# Force required to hold a fire hose

1. Sep 6, 2014

### toothpaste666

1. The problem statement, all variables and given/known data

A fire hose exerts a force on the person holding it. This is because the water accelerates as it goes from the hose through the nozzle.

How much force is required to hold a 6.7-cm-diameter hose delivering 490L/min through a 0.80-cm-diameter nozzle?

2. Relevant equations
A1V1 = A2V2

P1 + .5ρV1^2 + ρgY1 = P2 + .5ρV2^2 + ρgY2

3. The attempt at a solution

First I converted the diameters into meters, divided it by 2 to get the radius and then found the areas of the hose and nozzle. A1 (the hose) = .0036 m^2 A2 (the nozzle) = 5.0x10^-5 m^2. Then i converted V1 (the velocity in the hose) to m^3/s. V1 = .0082 m^3/s.
Next I must find V2.

A1V1 = A2V2

V2 = A1V1/A2 = (.0036)(.0082)/(5.0x10^-5) = .59 m^3/s

Then I must use bernoulli's equation to find the pressure in the hose and multiply by the area to find the force. the part of the hose that connects to the nozzle and the nozzle are at the same height so Y1 and Y2 = 0. So I am left with

P1 + .5ρV1^2 = P2 + .5ρV2^2

This is where I am stuck. I know the density of water is around 1000 kg/m^3 and I know both of the velocities , but i still have two unknowns (P1 and P2). since the hose/nozzle is a confined space, can I say that P1=P2 or does that only work for non moving fluid?

anyway after that I would have to find P1 (pressure in hose) and multiply by A1 to find the force the hose puts on the person, which would be equal in magnitude to the force needed to hold it. How does my solution look so far?

2. Sep 7, 2014

### SteamKing

Staff Emeritus
This is a round-about way to do this: For a circle,

$A = \pi r^{2} = \pi D^{2}/4$

What units are used to measure velocity?

Why must you use Bernoulli's equation? It doesn't seem particularly applicable to your problem.

Think about what is happening in the nozzle. You are flowing a certain amount of water thru the hose, which means it is travelling at constant velocity. When the flow reaches the nozzle, what happens to the velocity?

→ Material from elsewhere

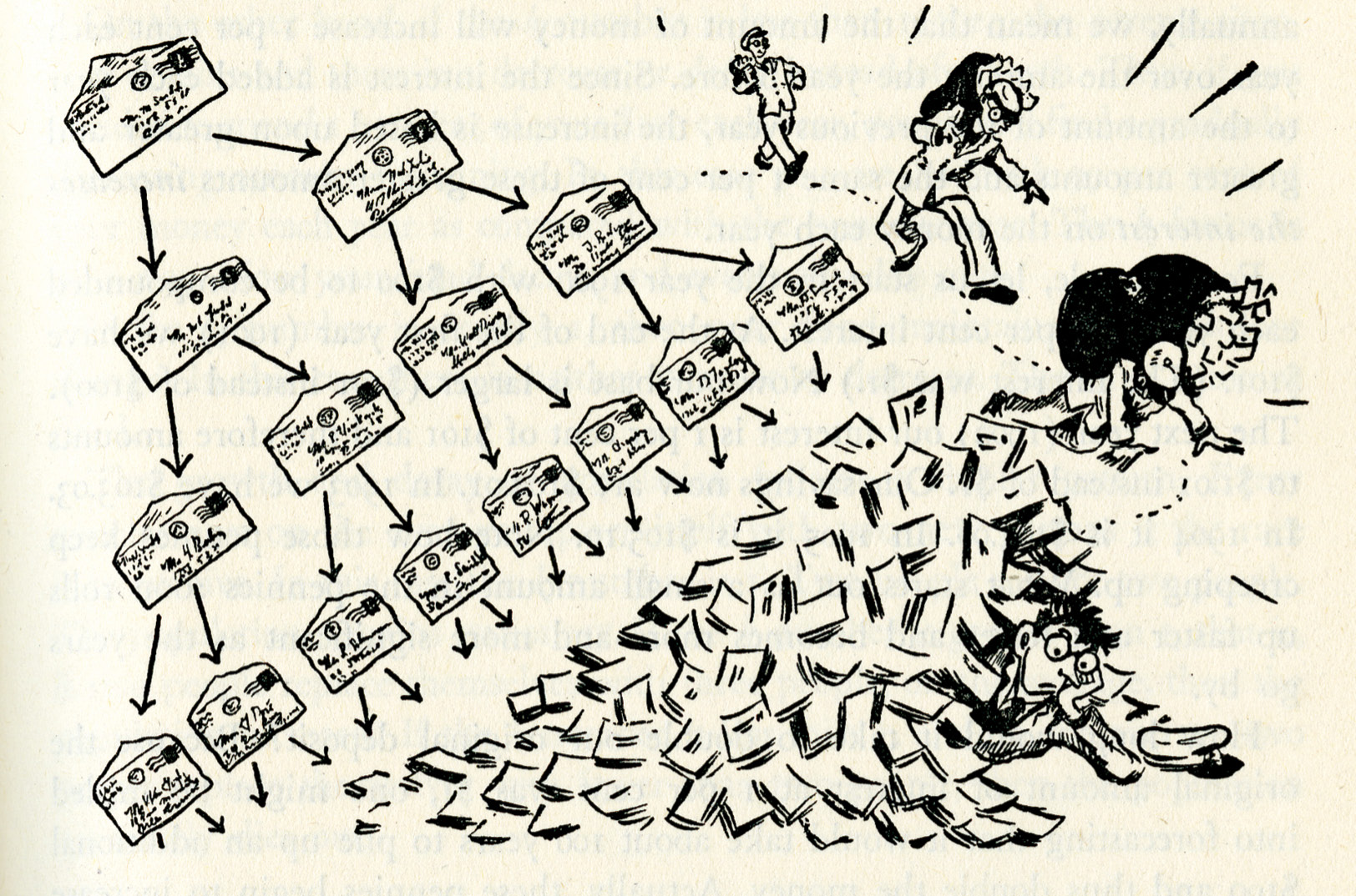 Long before the days of email, chain letters asking recipients to pass along a message to several others arrived in one’s physical mailbox. The authors use that common experience to explain chain reactions in nuclear reactors. In Sendak’s image, a chain letter begins multiplying and quickly buries a harried postal worker under a deluge of mail.

Hint: Try re-writing Newton's Second Law, F = m a, for the nozzle.

3. Sep 7, 2014

### toothpaste666

ok I see my first mistake. V1 = .0082/A1 = .0082/.0036 = 2.3 m/s. V2 = .0082/(5.0x10^-5) = 164m/s. When it gets to the nozzle the area gets smaller so the velocity has to go up which is an acceleration. When there is acceleration there is a force so F = ma = m(Δv/Δt)

Δv = V2-V1 = 164 - 2.3 = 162 m/s

I will choose a 1 sec interval so Δt = 1

a = (162 m/s)/s = 162m/s^2

to find m multiply the volume by the density

m = (.0082)(1000) = 8.2 kg

F = ma = (162m/s^2)(8.2 kg) = 1300 kgm/s^2 = 1300 N

4. Apr 10, 2015

### Andy Barrette

Bernoulli's equation relates pressure (F/A) and flow velocity. You can solve for A and flow velocity, and the goal is to find F. Why do you say that Bernoulli's equation is not applicable here? It is misleading.

Last edited: Apr 10, 2015